Personal information
- Date of birth: September 1864
- Place of birth: Glanford, England
- Date of death: 17 August 1906 (aged 41)
- Place of death: Gainsborough, England
- Height: 5 ft 8 in (1.73 m)
- Position(s): Goalkeeper

Youth career
- Gainsborough Victoria

Senior career*
- Years: Team / Apps / (Gls)
- Gainsborough Trinity
- 1889–1894: Sheffield United / 71 / (0)
- 1894–1903: Gainsborough Trinity

Medal record

Sheffield United

= Charlie Howlett =

English footballer

Charles Howlett (September 1864 – 17 August 1906) was an English footballer who played for Sheffield United as a goalkeeper in The Football League, with whom he made over 100 competitive appearances. Born in Glanford he also had two spells at Gainsborough Trinity.

==Playing career==
Howlett started his career in Gainsborough, Lincolnshire but was living in Grenoside near Sheffield when Sheffield United placed adverts in the local press announcing the formation of the club and asking for players.

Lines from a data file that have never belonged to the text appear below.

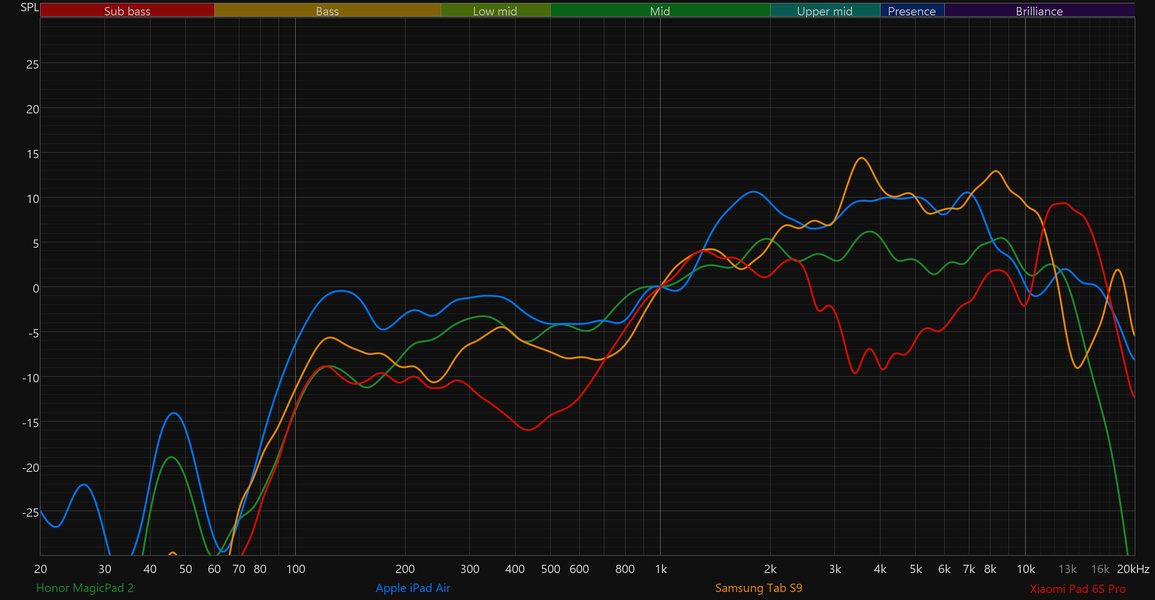 Honor MagicPad 2 предлагает несколько более громкое, а главное — сбалансированное и приятное звучание, чем два его ближайших конкурента: Apple iPad Air (M2) и Samsung Tab S9. При этом разницу сложно назвать по-настоящему значительной: с учетом работы встроенных «улучшайзеров» звучания, все три устройства могут обеспечить сравнительно эффектный звук, закрывающий потребности не слишком требовательного слушателя, как минимум — при просмотре видеоконтента. Немного позади остался лишь Xiaomi Pad 6S Pro, особенности звучания которого не в силах скомпенсировать ни эквалайзеры, ни автоматические системы корректировки тонального баланса.
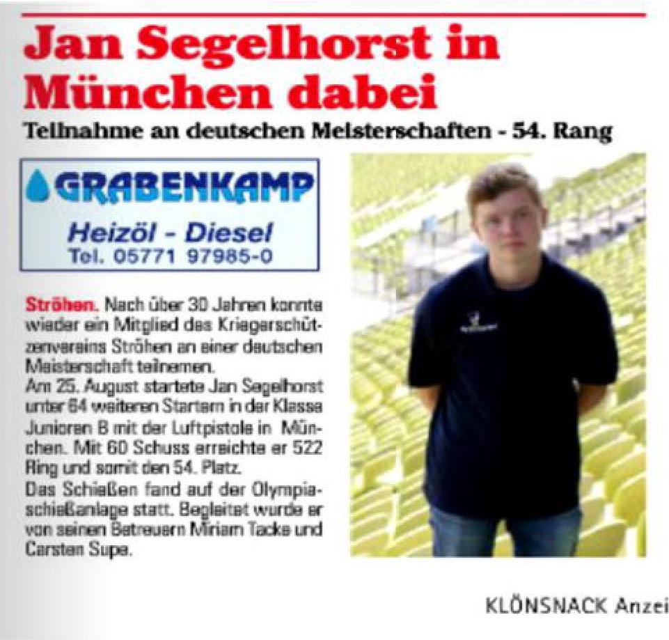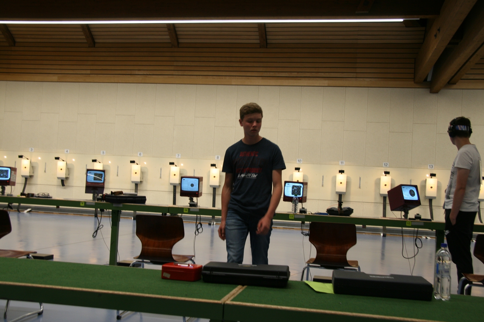 Mit den beiden Jugendleitern des KSV Ströhen Carsten Supe und Miriam Tacke sowie Vater und Mutter, war Jan rechtzeitig auf der großen Olympiaanlage in München-Hochbrück eingetroffen. Sie wurden von den schon anwesenden Schützen aus dem Bezirks-Schützenverband herzlich begrüßt. Daumendrücken wollten sie alle....
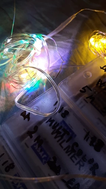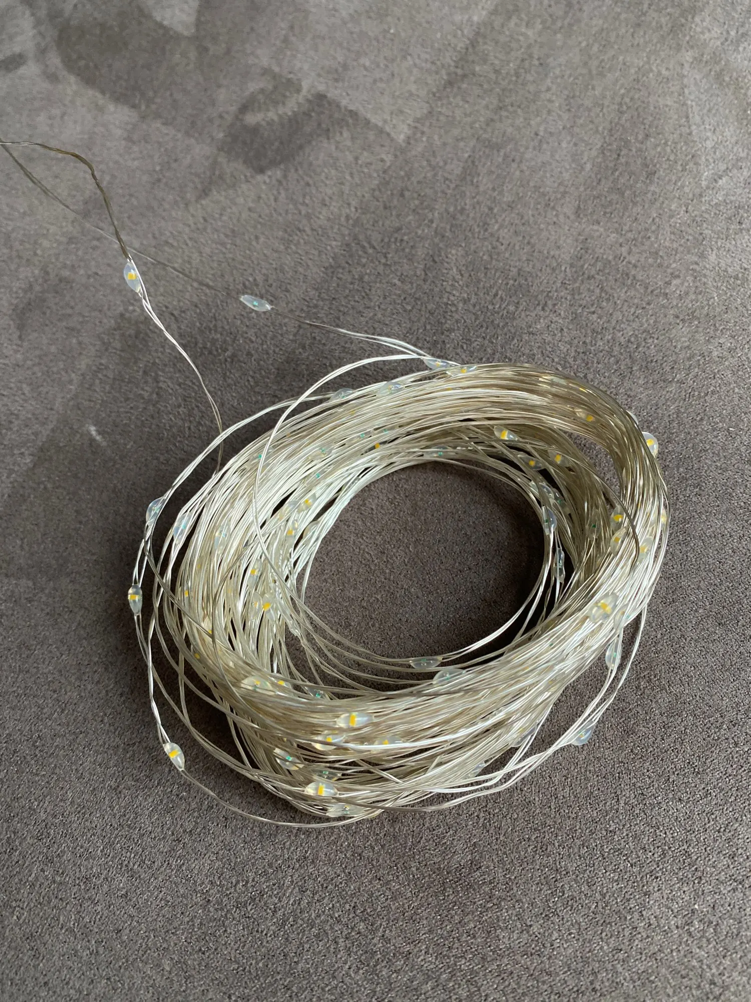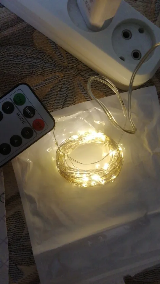 объединили с парочкой заказов, дошло за 3 недели, новая Почта Беру не первый раз, Дочка по потолку и стенам делает себе ночники :) жаль что пульты одинаковы и запустить можно с пульта лишь все вместе. Ну это такое. В этой проволока серебряная, что гораздо незаметнее желтой. Не забудьте докупить батареи в пульт, года 1, 5 их уже не вкладывают

Responding to the appeal he was selected as the side's first goalkeeper and remained with the club for five seasons. He appeared in the club's first ever game against Notts Rangers and in their debut FA Cup campaign which saw both the team's biggest ever victory and heaviest ever defeat in the competition, a 13–0 defeat at the hands of Bolton Wanderers.

Howlett had poor eyesight and needed to wear glasses during games and as a consequence tried to avoid being charged by opposition players, often punching away shots instead of catching them, including shots along the ground. During the FA Cup game against Bolton it was reported that he had spent most of the game searching for his glasses in the muddy goalmouth.

Despite this Howlett remained first choice keeper for the club's first three seasons but shared goalkeeping duties with Will Lilley for the following two. Following his departure from Bramall Lane Howlett returned to his previous club Gainsborough Trinity where he played for another nine seasons before retiring.

==Honours==
Sheffield United
- Football League Division Two
  - Runner-up: 1892–93

==Personal life==
After retiring from playing Howlett settled in Birmingham before returning to live in Gainsborough following the death of his wife.